Mastodawn

Tube🌿Time Oct 3, 2023

yes, that solves the crashing problem. but data isn't getting transferred correctly, so I've got more work to do.

Tube🌿Time Oct 3, 2023

weirdly enough, it works the second try!!! something on the host was prematurely turning off DMA. maybe a bug in difdiag.

Show thread

Tube🌿Time Oct 4, 2023

so the interrupt_detected flag is supposed to be set in the irq14 handler, and it is *supposed* to be set only when DMA is done. but somehow interrupt_detected is set without the IRQ handler ever being called! then the DMA operation is broken down prematurely.

Show thread

Tube🌿Time Oct 4, 2023

using the logic analyzer, i proved that the irq14 handler never gets called. the only code that *ever* sets the interrupt_detected flag exists in this handler. it's declared as a volatile so it can't be cached in a register.

Show thread

Tube🌿Time Oct 4, 2023

I wrote the flag value out to an unused IO port, 0x4F, so I can see it on the logic analyzer. a neat trick!

Show thread

Tube🌿Time Oct 4, 2023

so i don't know how this flag is getting set. my hack is to preemptively clear the flag right before starting DMA, and so far, it seems to be working.
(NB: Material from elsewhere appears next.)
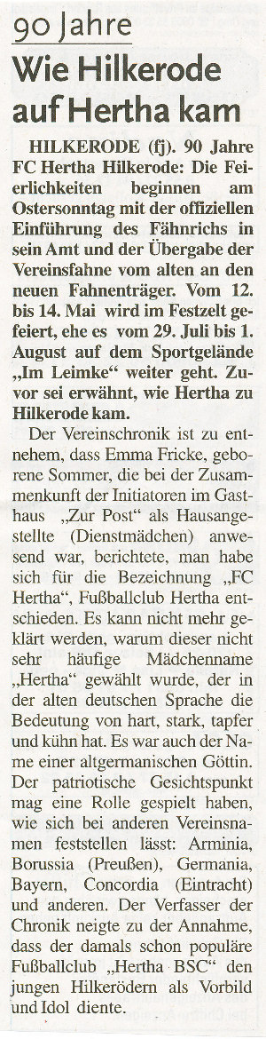 Hilkerode (asg). Mit Umzügen, Gottesdienst und Kranzniederlegung feiert der Sportverein FC Hertha Hilkerode am Ostersonntag, 4. April, sein 90. Stiftungsfest. Die Festivitäten beginnen an diesem Tag bereits um 8.30 Uhr mit einem Gottesdienst für alle Vereinsmitglieder in der Kirche St. Johannes. Um 14.45 Uhr ist das nächste Treffen am Vereinslokal Zum Holztal angesetzt, von da aus folgt um 15 Uhr der Abmarsch zum Ehrenmal mit dem noch amtierenden Fähnrich Christoph Conrady. Im Rahmen der feierlichen Kranzniederlegung wird am Ehrenmal der verstorbenen Vereinsmitglieder gedacht. Nach der Rückkehr zum Vereinslokal erfolgt um 15.45 Uhr die Fahnenübergabe an den neuen Fähnrich Richard Neuner, Fahnenbegleiter sind Martin Conrady und Michael Wetzko. Gegen 16.30 Uhr geht es zum Haus des neuen Fähnrichs, wobei der Zug vom örtlichen Spielmannszug begleitet wird. Weiterer Höhepunkt des Geburtstages wird die „Schwarz-weiße Ballnacht“, die um 20 Uhr im Vereinslokal Zum Holztal beginnt. Für Tanzmusik und Stimmung soll an diesem Abend DJ Benne aus Bad Lauterberg sorgen. Um Teilnahme aller FC-Mitglieder wird nicht nur an den Terminen während des Festtages gebeten, sondern insbesondere auch am Vereinsball, da in diesem Rahmen langjährige und verdiente Mitglieder ausgezeichnet werden sollen. Auch Freunde und Gönner des Vereins sind bei jeder Veranstaltung gern gesehen.

i think this code was "working" with the real ESDI drive because that one uses burst mode DMA and it finishes up very quickly, before the irq14wait routine can exit early.

Show thread

Tube🌿Time Oct 4, 2023

decided to look at the real drive. and guess what--it's not using burst mode. the POS registers have it turned off by default. it's also slow to read the data from the spinning disk, so IBM must have figured that it wasn't really necessary.

Show thread

Tube🌿Time Oct 5, 2023

now I'm reading up on accessing SD cards from the Teensy 4.1. looks like SdFat is the library? could it be so easy?

Show thread

Tube🌿Time Oct 7, 2023

turns out it's easy but I had to reformat the SD card using the official sdcard.org utility. anyway, I've read the first sector from a real disk image!

Show thread

Tube🌿Time Oct 7, 2023

the drive now gives the POS ID. let's try to boot!

Show thread

Tube🌿Time Oct 7, 2023

hmm 01048200 is a drive select acknowledgement error.

Show thread

Tube🌿Time Oct 7, 2023

the BIOS runs faster than the DIFDIAG utility, and so it seems like it is hitting a timing problem that i didn't hit before.
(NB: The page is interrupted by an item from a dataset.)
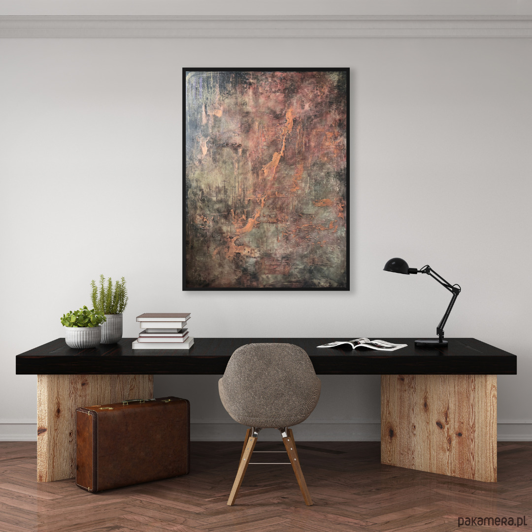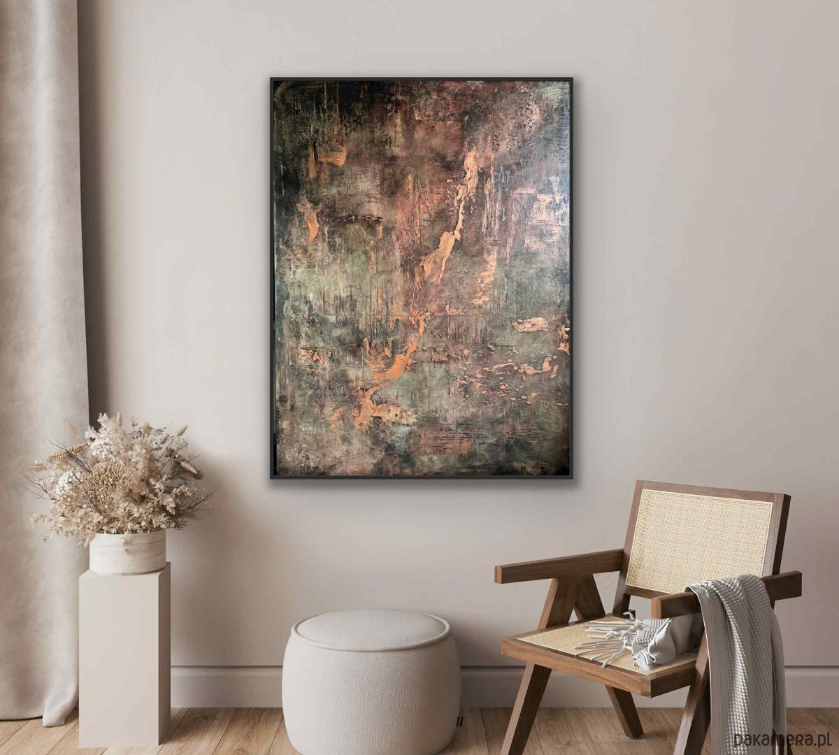 Miedziane wykończenie obrazu dodaje mu szlachetności.

my drive code seems to randomly hang up and not respond correctly.

Show thread

Tube🌿Time Oct 7, 2023

it's occasionally getting a spurious end-of-interrupt command which is really odd and points to an issue with the mailboxes (again, sigh).
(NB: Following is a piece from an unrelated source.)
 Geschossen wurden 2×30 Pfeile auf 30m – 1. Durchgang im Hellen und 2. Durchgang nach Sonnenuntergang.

but it's SO DARN CLOSE. it's transferring sectors from the IML region in the disk image.

Show thread

Tube🌿Time Oct 8, 2023

figured out one problem. the disk boot routines slam the drive with an ATN and the first command word in 5.5us. the Teensy code takes too long to see the ATN and clears the command register full flag, which drops the first word. oops.

Show thread

Tube🌿Time Oct 8, 2023

so it *almost* boots now. in fact it successfully loads the IML sectors from the hidden partition on the drive, and no longer throws an I999... error code!

Show thread

Tube🌿Time Oct 8, 2023

my drive doesn't implement this weird feature called pseudo RBAs--it's a way to artificially limit the maximum possible block address, presumably so they can hide the partition data.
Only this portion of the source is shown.